2007年11月8日木曜日

11月4日 荒れ狂う波にゆられて

人生はしばしば航海にたとえられます。「順風満帆」や、「波瀾万丈」ということばにも、やはり「風」や「波」、そして「帆」が出てきます。人生には激しい逆風や荒れ狂う波がつきものだというわけです。私たちを乗せた人生の船も、思うようにはいかないことが多いですが、大きな困難を乗り越えて目的地にたどりつく感動もまたすばらしいものです。

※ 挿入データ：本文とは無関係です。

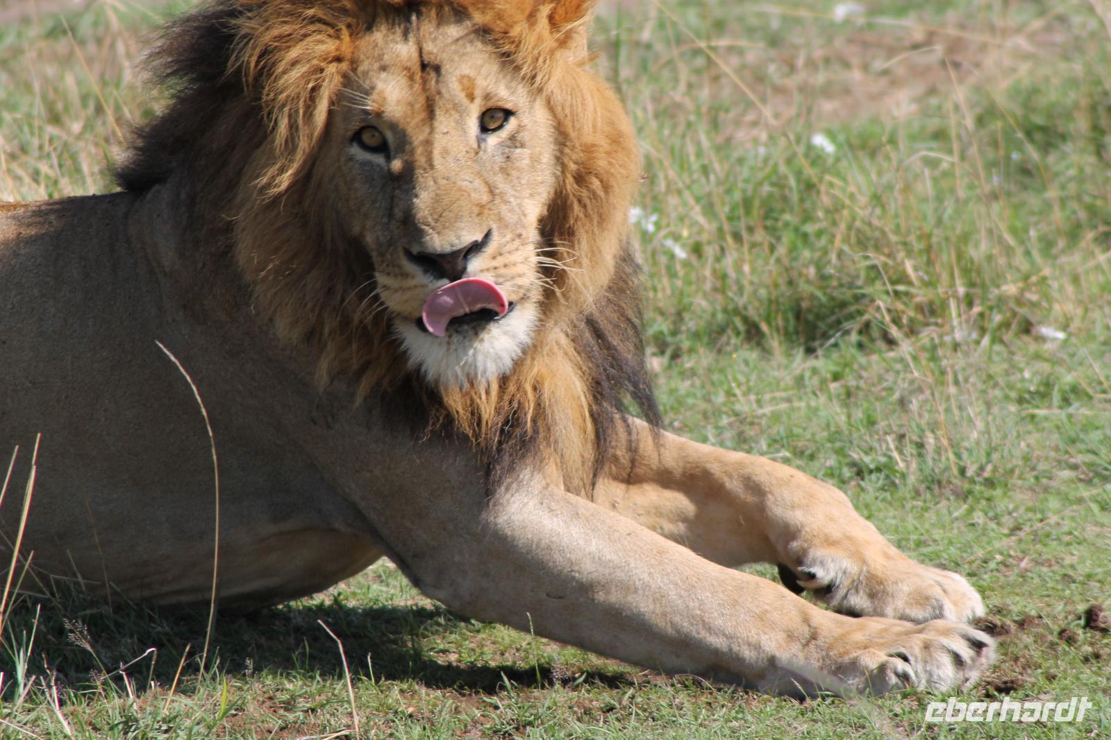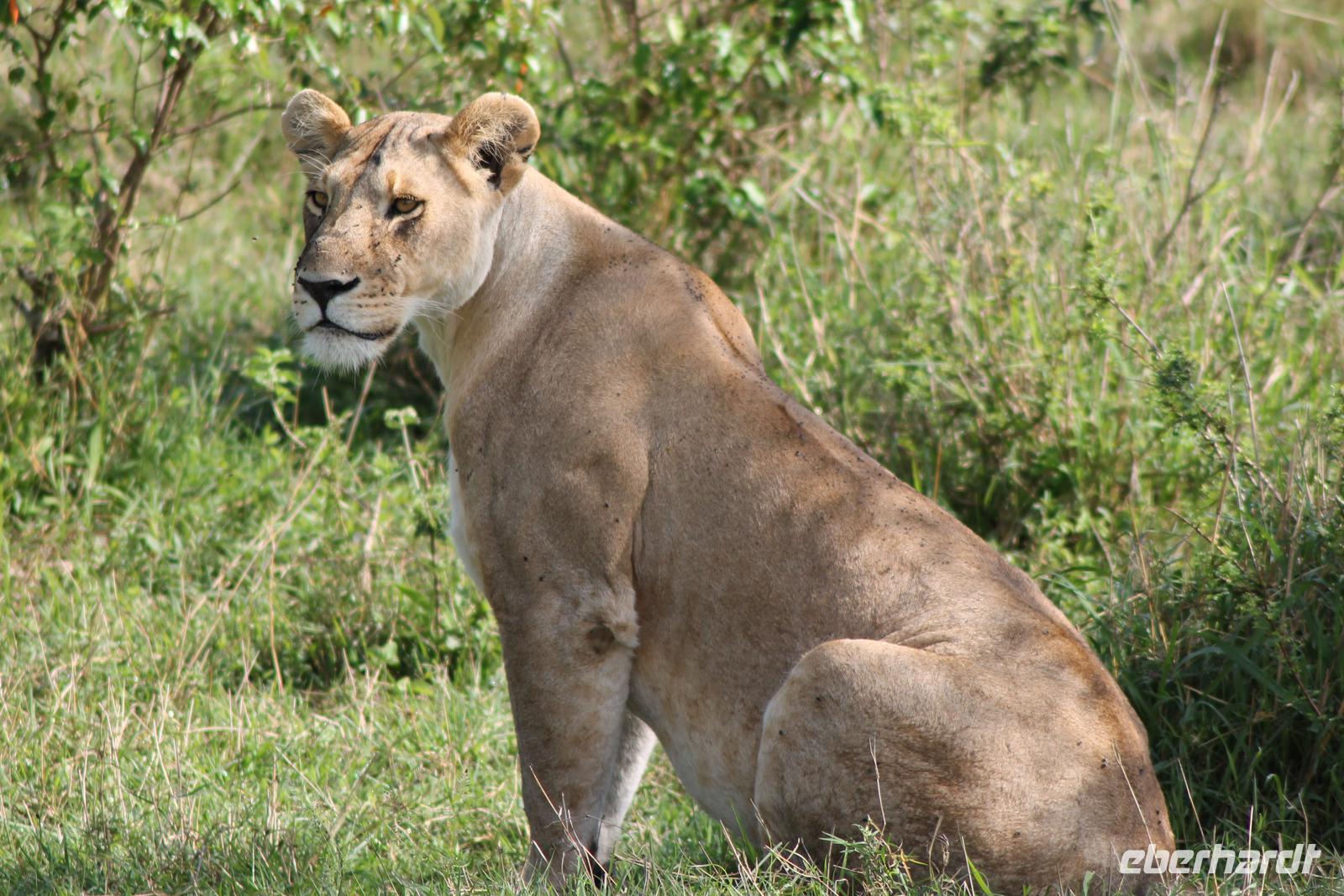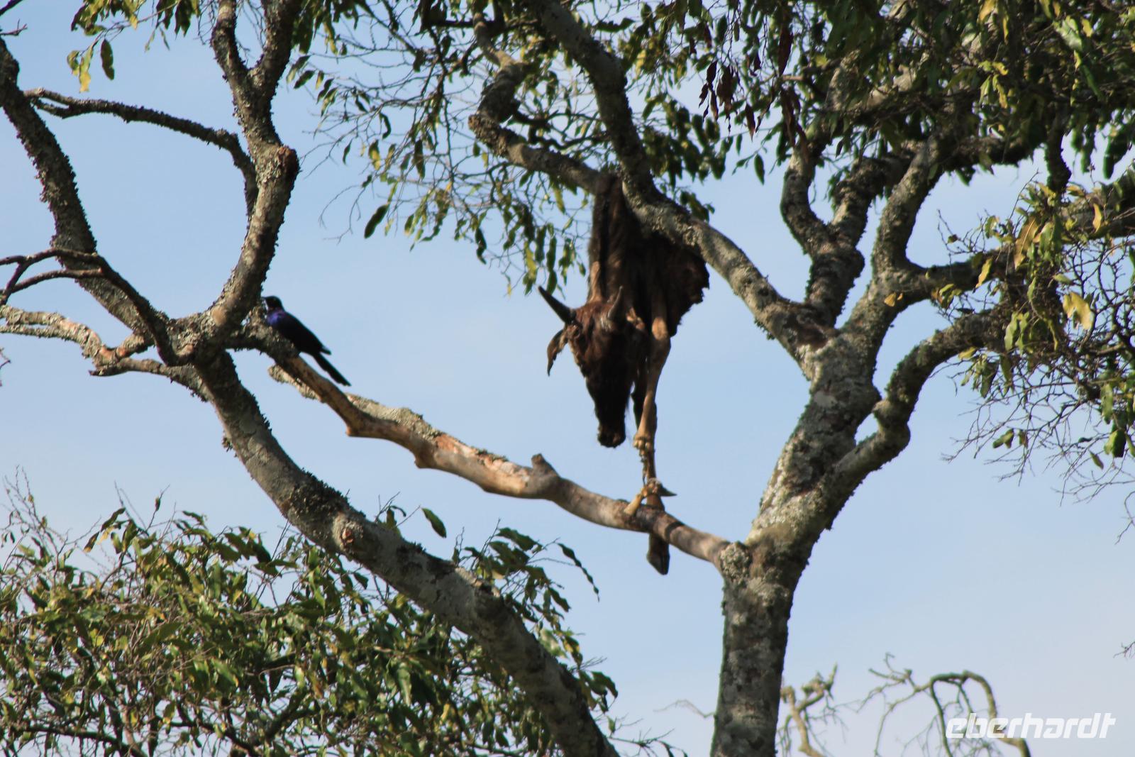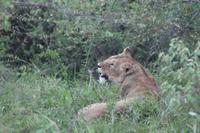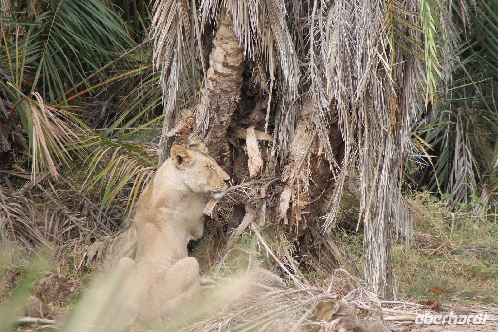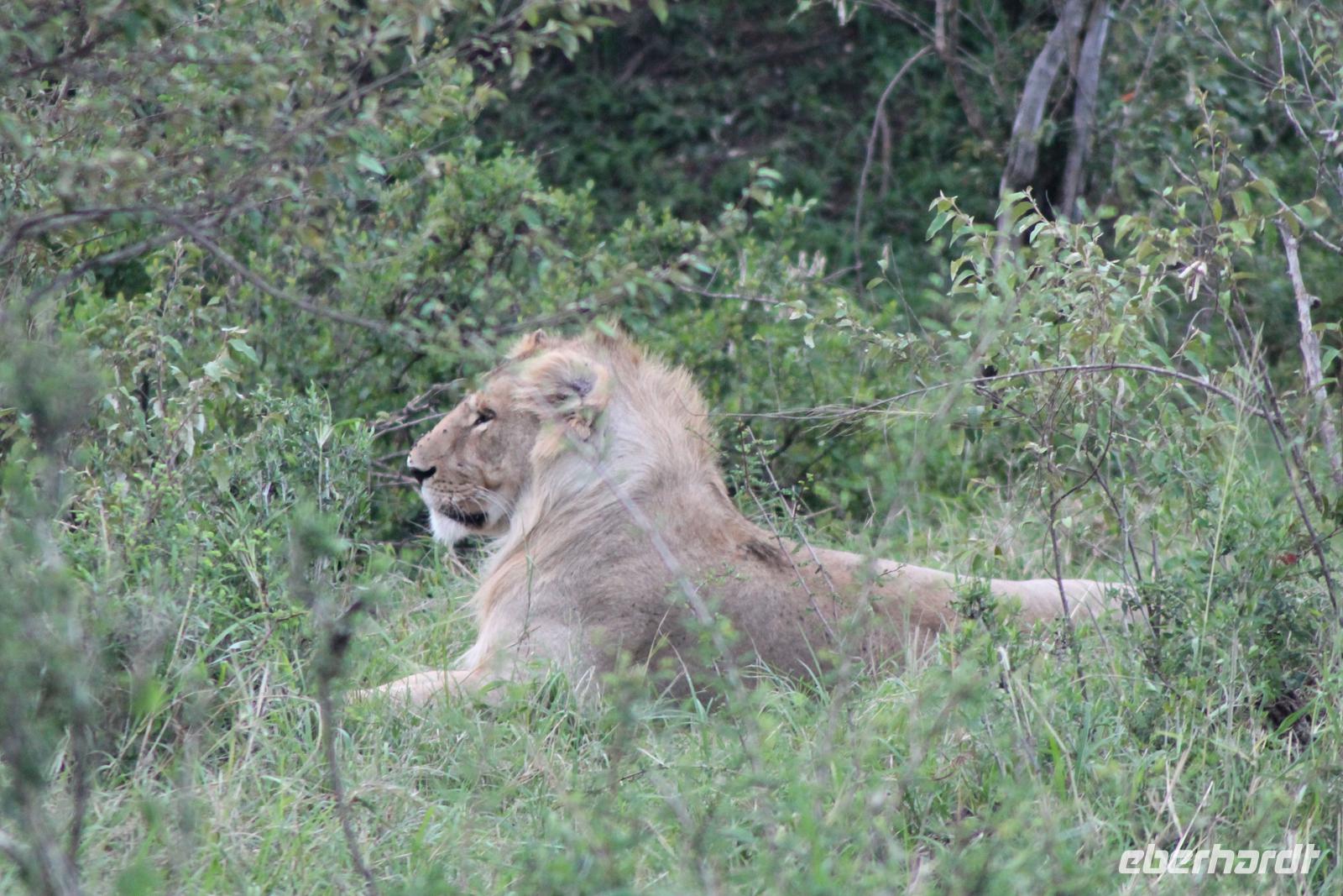 Heute ging es wieder zeitig auf Pirsch, sodass wir nur einen Kaffee/Tee und ein paar Kekse zu uns nahmen. Um 6.30 Uhr ging es auf zur Pirsch: wir sahen viele Tiere wie Topis mit ihren Jungen, Schakale mit ihren Jungen, Warzenschweine mit Nachwuchs, Geier, eine Tüpfelhyäne, einen Adler, einen Frankolin, Wasserböcke, Paviane mit Nachwuchs und vor allem als krönenden Abschluss eine Löwenfamilie, die ein Gnu gerissen hatte und nun faul, satt und zufrieden im Gras lag. Es waren vor allem junge Weibchen, ein junges Männchen von ca. 2 Jahren und ein ganz Junges von ca. 6 Monaten. Bei solch einem Schauspiel störte uns auch der Verwesungsgeruch des Gnus nicht, das wahrscheinlich an diesem Morgen gerissen wurde. Als ein Geier sich an den Überresten zu schaffen machte, ging schnell eine der Löwinnen dazwischen und verteidigte ihren Fang. Auch wenn sie selbst nicht noch einmal etwas vernaschen wollte. Auf dem Weg zum Camp sahen wir dann noch Flusspferde und Krokodile. Ein „hängendes Gnu" war auch dabei - Leoparden verzehren ihre Beute auf dem Baum - sie können Beute mit einem Gewicht bis zu ihrem Eigengewicht auf den Baum schleppen - starke Tiere. Zurück im Camp genossen wir unser Frühstück und im Anschluss unternahmen wir eine geführte Wanderung von ca. 1 Stunde mit einem Ranger des Camps. Er zeigte uns anhand des Kots und der Abdrücke im Boden, welche Tiere hier ihre Spuren hinterlassen hatten. Auch die Pflanzen wurden erläutert und zum Schluss konnte man Speer werfen üben. Beim Mittagessen gab es leckeren Red Snapper-Fisch, gebratenen Reis, gemischtes Gemüse, Linsen, gebratenen Kohl und zum Nachtisch Obst. Nach einer kleinen Mittagspause trafen wir uns 15.30 Uhr wieder zur Pirsch. Neben vielen anderen Tieren sahen wir wieder Löwen, einen Geparden und einen Leoparden. Ein solches Glück wird nur wenigen Safari-Teilnehmern zuteil!

今日もハラハラドキドキの人生を送る人たちはたくさんおられるでしょうが、文字通り難破して死ぬような目に会う人は稀です。パウロという人は、ご承知のように人類史上もっとも重要なメッセージを託された「特別な召しを受けた人物」です。ですから、確かに「特別な人生」を歩みましたが、しかし、それは一般的に期待されがちないわゆる特別待遇ではありません。その真逆で、とんでもない困難の連続でした。いのちを狙われたり、実際に鞭打たれたり、難破したり・・・・と、いわゆる宗教的御利益や恩恵には何一つあずかることなく、多くの宗教指導者のような尊敬やリッチな暮らしとは縁遠い一生を送ったことがわかります。同胞からは忌み嫌われ、兄弟姉妹の中にもパウロを誤解し批判する者もいました。限られた献金しか受け取らず、自分で仕事をしながら伝道を続けました。人というのは偉くなってしまうと、あの防衛省の元事務次官のようなVIP待遇を求め、それに甘んじる弱さを持っています。偉くなる実力がない者は、何か拝んだり、うまい話にのっかたりして、幸運を求めるのです。パウロはそういう人ではありませんでした。

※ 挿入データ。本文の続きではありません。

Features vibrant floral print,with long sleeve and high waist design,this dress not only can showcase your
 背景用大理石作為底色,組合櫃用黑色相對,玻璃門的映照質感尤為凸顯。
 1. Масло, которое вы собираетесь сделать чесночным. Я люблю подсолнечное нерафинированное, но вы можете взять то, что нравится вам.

いつも申し上げるように、私たちもまた「特別な人生」送るために「特別な召し」を受けています。「特別」というのは、他の人より好待遇であるという意味では決してなく、人それぞれの導きや生き方、つまり唯一無二の人生設計があるということです。ペテロはヨハネのみちびきを気にかけましたが、イエスさまは、「あなたはわたしに従いなさい」と言われました。それは、主に従い抜くことを決めた人に成就していきます。状況が有利に展開したり、思わぬ幸運が舞い込むということではなく、どのような状況にあっても主がともにおられ、折りにかなった慰めや助け、平安と勝利をお与えになるということです。

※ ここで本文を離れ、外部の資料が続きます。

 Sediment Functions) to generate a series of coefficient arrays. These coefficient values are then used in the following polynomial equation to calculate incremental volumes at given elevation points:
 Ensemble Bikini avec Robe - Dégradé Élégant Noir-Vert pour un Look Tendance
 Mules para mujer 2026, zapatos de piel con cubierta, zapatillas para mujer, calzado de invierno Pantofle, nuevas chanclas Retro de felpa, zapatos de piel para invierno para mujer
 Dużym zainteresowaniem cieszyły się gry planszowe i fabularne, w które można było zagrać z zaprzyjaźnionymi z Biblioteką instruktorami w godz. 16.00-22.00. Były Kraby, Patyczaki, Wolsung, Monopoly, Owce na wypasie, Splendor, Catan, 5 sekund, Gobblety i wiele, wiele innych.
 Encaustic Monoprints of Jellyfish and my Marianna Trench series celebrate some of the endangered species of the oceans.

パウロはカイザルに上訴した他の数名の囚人たちとともに、ローマに向かって船で護送されることになります。護送の指揮者はユリアスという親衛隊の百人隊長です。彼はパウロに敬愛していたので、その取り扱いは寛大でした。ルカとアリスタルコはパウロの世話係として同行を許されていました。この27章を自分たちもパウロと同じ船に乗っているような気もちで読んでいけるのは、同船していたルカが、「私たちは」という語り方で、そのときの経験を具体的に書いてくれているからです。シドンに入港して停泊中も、パウロは友人にもてなしを受ける自由を与えられます。百人隊長はパウロには逃亡や反逆の危険が全くないと判断したからでしょうが、通常はあり得ないことです。パウロ一行を乗せた船はシドンから出帆しますが、向かい風が強かったので、風を避けながら島影の航路をとりつつ進みました。船がクレテ島まで進んだとき、パウロはこの先の航海の危険を警告しました。しかし百人隊長はパウロのことばより船主や船長を信用して、航海に踏み切ってしまいます。(使徒27:11)いくらパウロを尊敬し信頼しているとは言っても、パウロは航海に関しては素人です。船主や船長の言うことを重んじたとしても仕方がありません。結果として、パウロの警告を無視して出航することになりました。穏やかな南風が吹いて順調に進むかに見えましたが、まもなくユーラクロンと呼ばれる暴風が吹き下ろして大嵐になり、船は巻き込まれて航行不能に陥ります。島影に入ってようやく救命用の小舟を船体に巻き付け、浅瀬に乗り上げるのを恐れて流れに任せます。翌日には積み荷を、三日目には船具を捨てて船を軽くして浸水を防ぎます。いのちの危険を感じる危機的な状況です。太陽も星も見えない真っ暗な海の上です。どれほどの不安や恐れがあったことでしょう。体は疲れ果て、気力も萎えています。「私たちが助かる最後の(直訳:すべての)のぞみも今やたたれようとしていた」(使徒27:20)と書かれています。そのような場面で、パウロだけは、他の人々とは全く違ったことを考えていました。パウロは「失われるのは船だけで、誰も命を奪われるものはない」と確信していたのです。それはパウロの希望的観測ではなく、御使いのことばです。(使徒27:21~26)パウロは他の人よりもいくらかは我慢強かったかもしれませんが、人間的に何の希望も見いだせない状況で神さまのみことばがなければ、パウロだってどうしょうもないわけです。私たちの歩みは過去のうまくいった経験や余力で乗り切れるほど甘くはないのです。パウロがそのことばを受けたのはいつだと書かれていますか。それは昨夜です。昨夜までは、パウロだって不安や恐れがあったはずです。ただし、「主が無駄に苦しみを負わせるはずはない。自分は無意味な死を遂げるわけがない。」という信仰はあったでしょう。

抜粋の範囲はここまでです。